#### Problem requirements
In the records below, repeat word for word only the lines starting at the one that contains "Veranda Stateroom Approx." and ending at the one that contains "2 – Poetsch", pictures excluded.

::::::::::

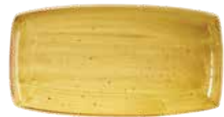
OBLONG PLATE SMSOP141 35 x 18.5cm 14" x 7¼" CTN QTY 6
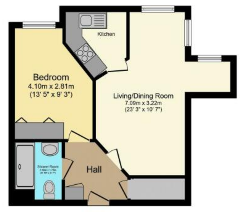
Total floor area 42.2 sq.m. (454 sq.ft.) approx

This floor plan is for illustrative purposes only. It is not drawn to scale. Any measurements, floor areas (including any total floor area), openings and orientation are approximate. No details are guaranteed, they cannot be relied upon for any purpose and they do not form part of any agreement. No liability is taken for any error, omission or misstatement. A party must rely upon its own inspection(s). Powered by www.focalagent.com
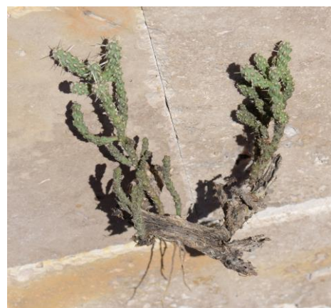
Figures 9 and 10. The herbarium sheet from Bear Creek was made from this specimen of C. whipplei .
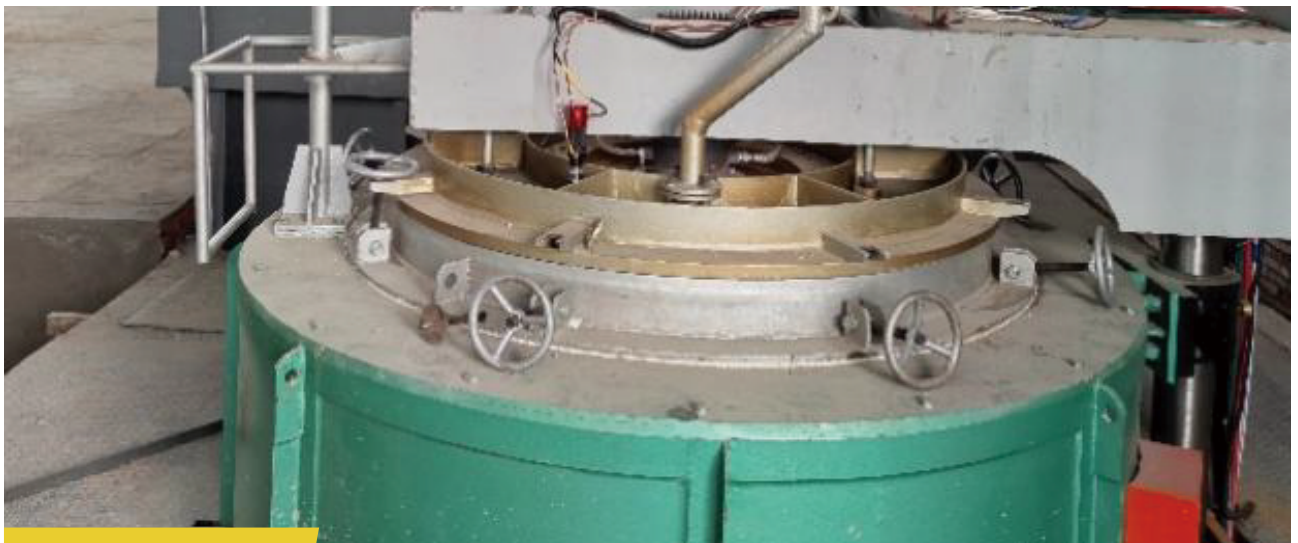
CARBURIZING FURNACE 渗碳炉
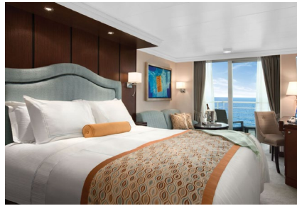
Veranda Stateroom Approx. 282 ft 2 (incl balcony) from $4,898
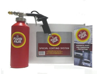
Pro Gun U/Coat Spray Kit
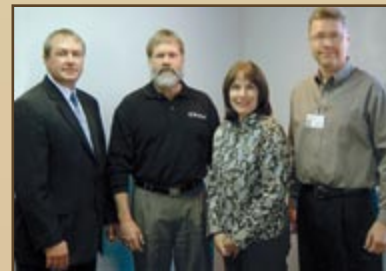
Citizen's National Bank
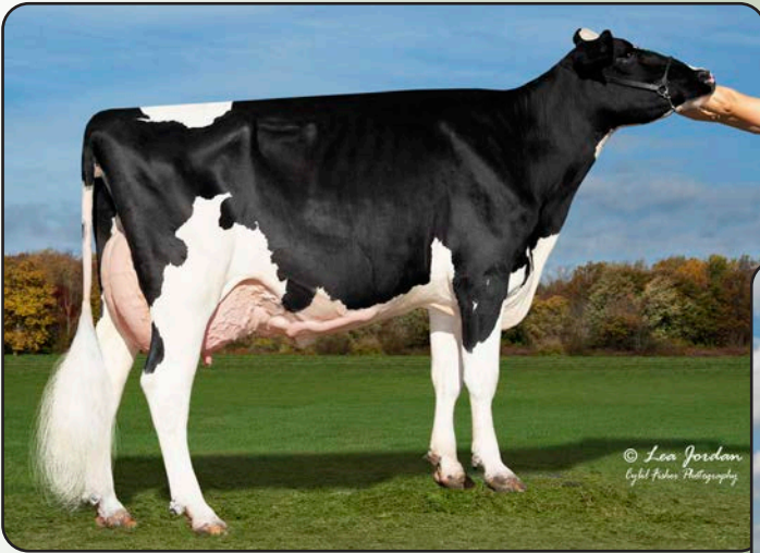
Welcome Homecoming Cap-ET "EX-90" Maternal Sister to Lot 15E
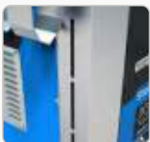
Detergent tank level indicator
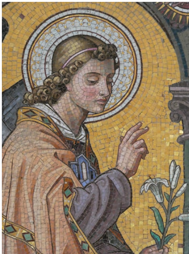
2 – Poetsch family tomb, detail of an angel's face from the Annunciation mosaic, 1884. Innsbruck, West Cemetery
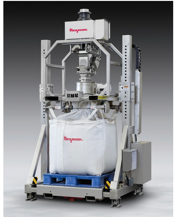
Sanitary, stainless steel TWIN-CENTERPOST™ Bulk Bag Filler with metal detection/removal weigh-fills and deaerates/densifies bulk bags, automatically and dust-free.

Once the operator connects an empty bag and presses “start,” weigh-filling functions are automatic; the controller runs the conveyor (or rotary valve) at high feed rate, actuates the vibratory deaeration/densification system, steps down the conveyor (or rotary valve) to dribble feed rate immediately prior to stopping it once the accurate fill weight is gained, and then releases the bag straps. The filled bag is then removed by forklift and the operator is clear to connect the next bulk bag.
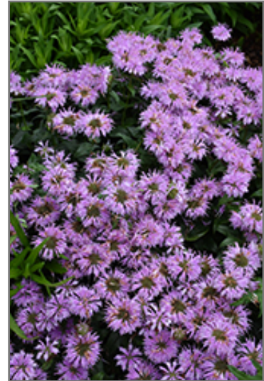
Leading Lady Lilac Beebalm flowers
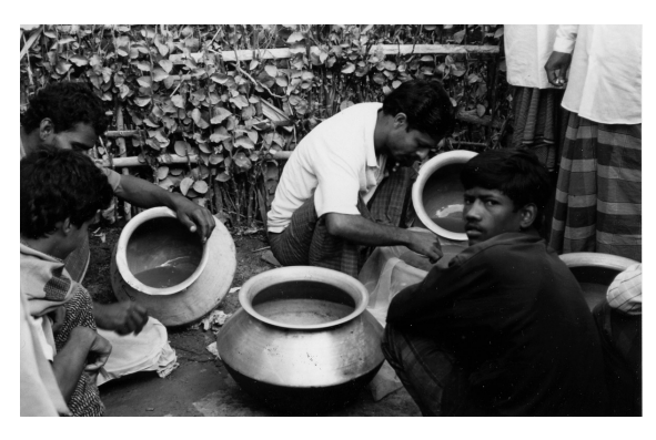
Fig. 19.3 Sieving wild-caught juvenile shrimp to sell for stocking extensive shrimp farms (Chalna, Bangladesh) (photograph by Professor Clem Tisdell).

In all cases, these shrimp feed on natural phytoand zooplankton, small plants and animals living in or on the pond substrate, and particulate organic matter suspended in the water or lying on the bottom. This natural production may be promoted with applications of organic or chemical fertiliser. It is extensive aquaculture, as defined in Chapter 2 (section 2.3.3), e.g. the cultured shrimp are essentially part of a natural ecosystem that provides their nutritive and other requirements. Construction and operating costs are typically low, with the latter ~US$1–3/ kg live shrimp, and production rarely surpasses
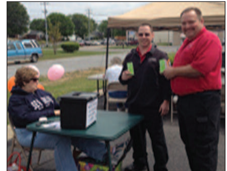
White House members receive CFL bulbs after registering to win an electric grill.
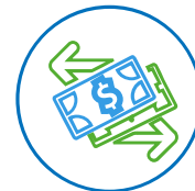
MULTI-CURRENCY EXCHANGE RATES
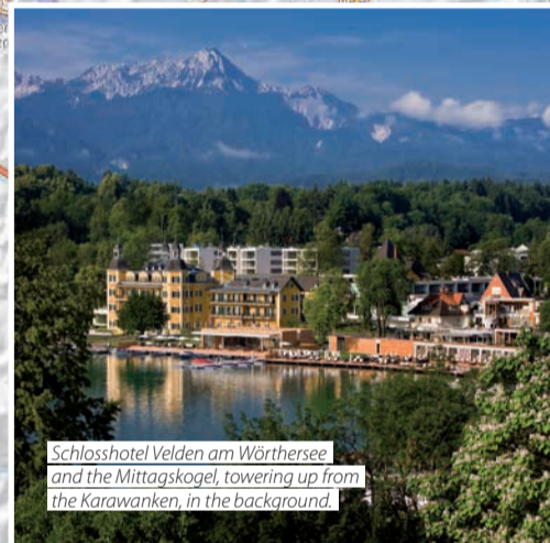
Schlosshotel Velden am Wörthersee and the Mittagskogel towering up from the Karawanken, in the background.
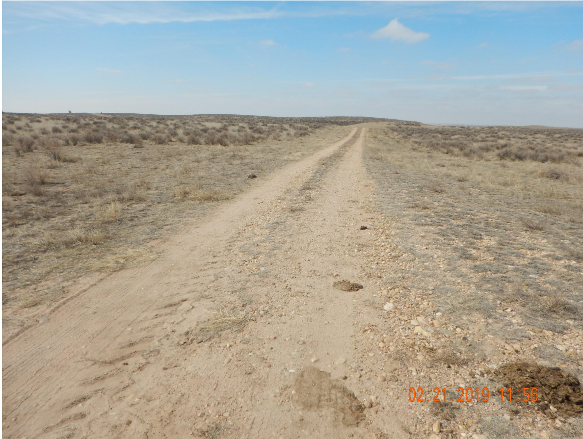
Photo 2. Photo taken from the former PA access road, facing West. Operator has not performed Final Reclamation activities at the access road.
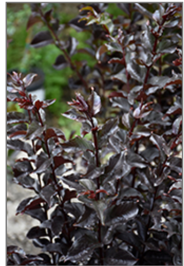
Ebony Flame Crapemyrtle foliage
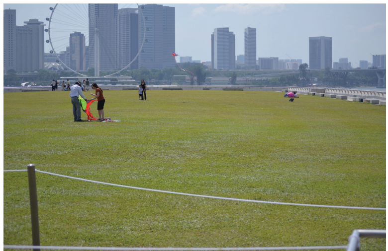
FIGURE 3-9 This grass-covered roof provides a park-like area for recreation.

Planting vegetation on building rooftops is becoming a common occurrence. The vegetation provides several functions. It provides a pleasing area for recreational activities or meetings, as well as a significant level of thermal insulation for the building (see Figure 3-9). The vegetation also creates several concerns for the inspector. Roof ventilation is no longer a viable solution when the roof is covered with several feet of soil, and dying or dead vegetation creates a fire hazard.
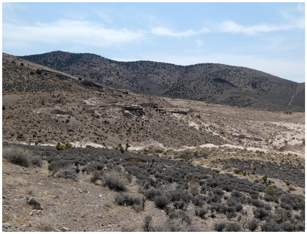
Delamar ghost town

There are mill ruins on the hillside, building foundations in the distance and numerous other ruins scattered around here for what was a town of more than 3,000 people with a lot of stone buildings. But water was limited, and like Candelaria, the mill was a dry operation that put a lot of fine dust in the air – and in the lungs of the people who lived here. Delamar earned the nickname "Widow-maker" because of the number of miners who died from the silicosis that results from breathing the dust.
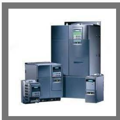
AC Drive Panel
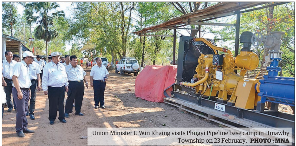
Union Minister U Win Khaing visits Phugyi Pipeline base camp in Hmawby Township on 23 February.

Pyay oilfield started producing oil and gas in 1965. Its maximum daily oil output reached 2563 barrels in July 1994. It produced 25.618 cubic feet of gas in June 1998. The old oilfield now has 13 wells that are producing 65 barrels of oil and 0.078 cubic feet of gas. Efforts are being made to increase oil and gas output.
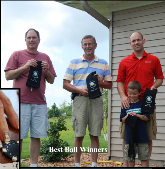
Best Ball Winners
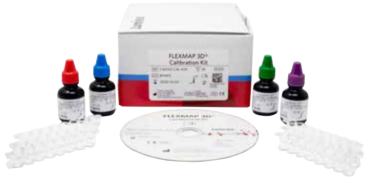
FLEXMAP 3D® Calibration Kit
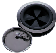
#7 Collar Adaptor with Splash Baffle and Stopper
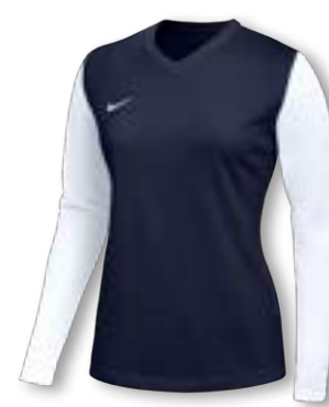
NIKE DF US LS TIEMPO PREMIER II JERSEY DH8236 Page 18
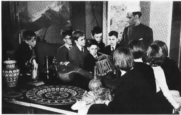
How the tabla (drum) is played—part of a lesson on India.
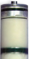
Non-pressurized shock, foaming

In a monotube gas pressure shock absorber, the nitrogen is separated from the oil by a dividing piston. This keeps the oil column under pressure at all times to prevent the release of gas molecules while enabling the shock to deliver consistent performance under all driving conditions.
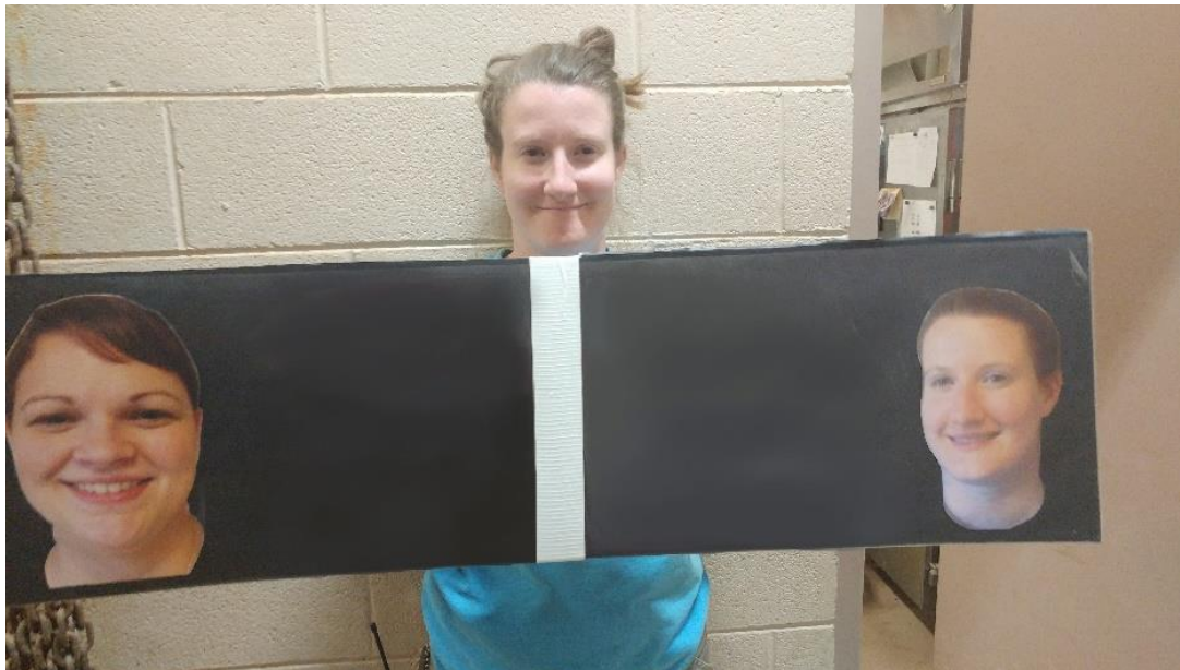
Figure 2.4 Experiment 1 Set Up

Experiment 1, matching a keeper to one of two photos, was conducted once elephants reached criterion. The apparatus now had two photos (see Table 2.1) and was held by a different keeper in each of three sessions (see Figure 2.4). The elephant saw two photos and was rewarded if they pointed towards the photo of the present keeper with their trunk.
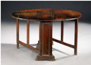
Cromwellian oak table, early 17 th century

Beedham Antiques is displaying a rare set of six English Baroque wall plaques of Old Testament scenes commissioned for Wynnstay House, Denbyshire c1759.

::::::::::

#### Exercise output
Veranda Stateroom Approx. 282 ft 2 (incl balcony) from $4,898
Pro Gun U/Coat Spray Kit
Citizen's National Bank
Welcome Homecoming Cap-ET "EX-90" Maternal Sister to Lot 15E
Detergent tank level indicator
2 – Poetsch family tomb, detail of an angel's face from the Annunciation mosaic, 1884. Innsbruck, West Cemetery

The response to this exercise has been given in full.